Division of Orthodontics and Dentofacial Orthopedics, Eastman Institute for Oral Health, University of Rochester, Rochester, NY, USA.
Department of Dentistry, Eastman Institute for Oral Health, University of Rochester, Rochester, NY, USA.
Orthod Craniofac Res. 2021 May;24(2):206-213. doi: 10.1111/ocr.12428. Epub 2020 Oct 18.
The role of thyroxine administration on orthodontically induced tooth movement and/or inflammatory root resorption remains unclear. The aim was to assess the influence of thyroxine administration on orthodontically induced tooth movement and/or inflammatory root resorption. The study protocol was registered in PROSPERO (CRD42020164151). An electronic search of indexed databases was conducted without time or language restrictions up to and including May 2020. The following eligibility criteria were imposed: (a) original prospective controlled clinical studies and/or experimental studies on animal models; (b) subjects undergoing orthodontic therapy with fixed appliances; (c) presence of a control group [orthodontic tooth movement without thyroxine administration]; and (d) intervention: orthodontic tooth movement with thyroxine administration. Review articles, commentaries, letters to the editor, case reports/series, studies with no control group, cross-sectional studies, retrospective studies and studies where thyroxine was administered along with other interventions such as calcitonin and prostaglandins were excluded. Quality of available evidence and risk of bias within studies were assessed. Any disagreements were resolved via consensus discussions. Based on the Preferred Reporting Items for Systematic Reviews and Meta-Analyses guidelines, 8 animal studies were included. Four studies reported that thyroxine administration increases the rate of orthodontic tooth movement; 3 studies did not show a significant difference. Three studies showed that thyroxine administration decreases orthodontically induced inflammatory root resorption; 2 studies found no significant difference. The risk of bias among studies was high. In conclusion, the influence of thyroxine administration on orthodontic tooth movement and/or orthodontically induced inflammatory root resorption in animal models remains unclear.

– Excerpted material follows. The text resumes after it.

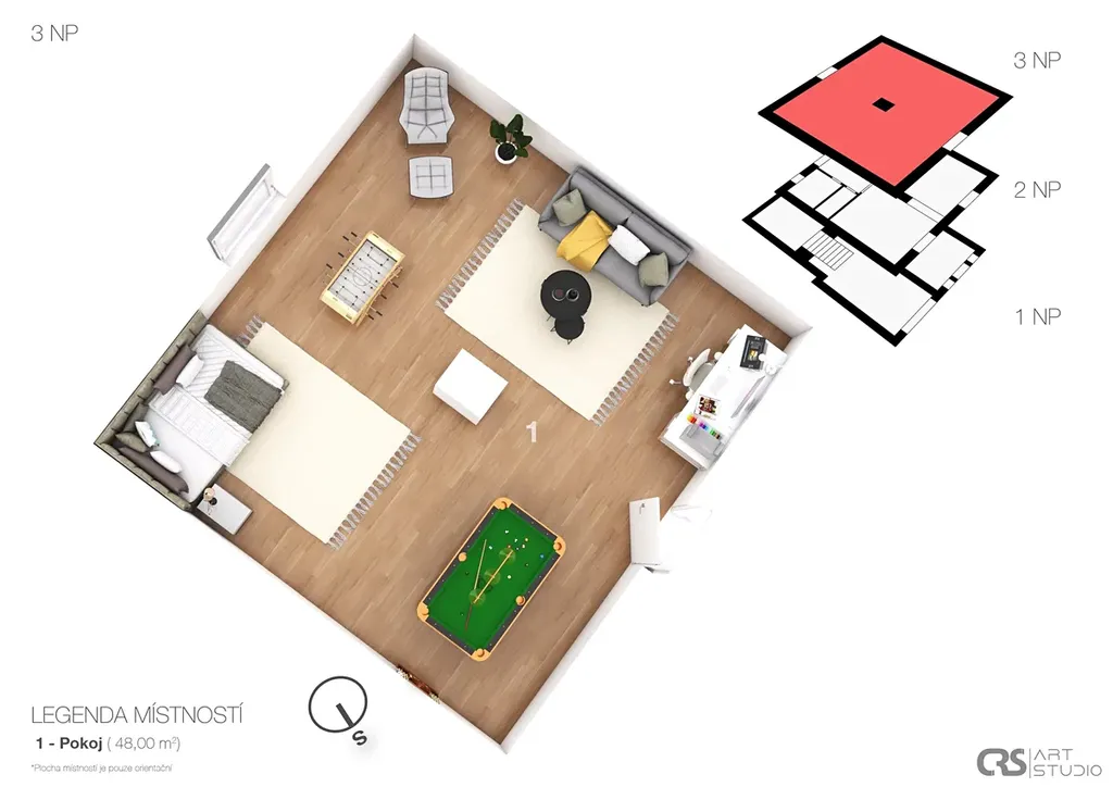 - pozor, v 3D návrhu není zohledněn skos stěn/střechy, bude opraveno. Rozložení nábytku tedy nemusí odpovídat reálným možnostem. Informace doplníme.

甲状腺素给药在正畸牙齿移动和/或炎症性根吸收中的作用尚不清楚。目的是评估甲状腺素给药对正畸牙齿移动和/或炎症性根吸收的影响。研究方案已在 PROSPERO(CRD42020164151)中注册。对索引数据库进行了无时间和语言限制的电子检索,截止日期为 2020 年 5 月。实施了以下纳入标准:(a)正在进行正畸治疗的固定矫治器的原始前瞻性对照临床试验和/或动物模型实验研究;(b)存在对照组[无甲状腺素给药的正畸牙齿移动];(c)干预措施:甲状腺素给药的正畸牙齿移动。排除综述文章、评论、给编辑的信、病例报告/系列、无对照组的研究、横断面研究、回顾性研究以及甲状腺素与其他干预措施(如降钙素和前列腺素)联合给药的研究。评估了可用证据的质量和研究内的偏倚风险。任何分歧都通过共识讨论来解决。根据系统评价和荟萃分析的首选报告项目,纳入了 8 项动物研究。四项研究报告甲状腺素给药增加了正畸牙齿移动的速度;三项研究未显示出显著差异。三项研究表明甲状腺素给药减少了正畸诱导的炎症性根吸收;两项研究发现无显著差异。研究中的偏倚风险很高。总之,甲状腺素给药对动物模型中正畸牙齿移动和/或正畸诱导的炎症性根吸收的影响尚不清楚。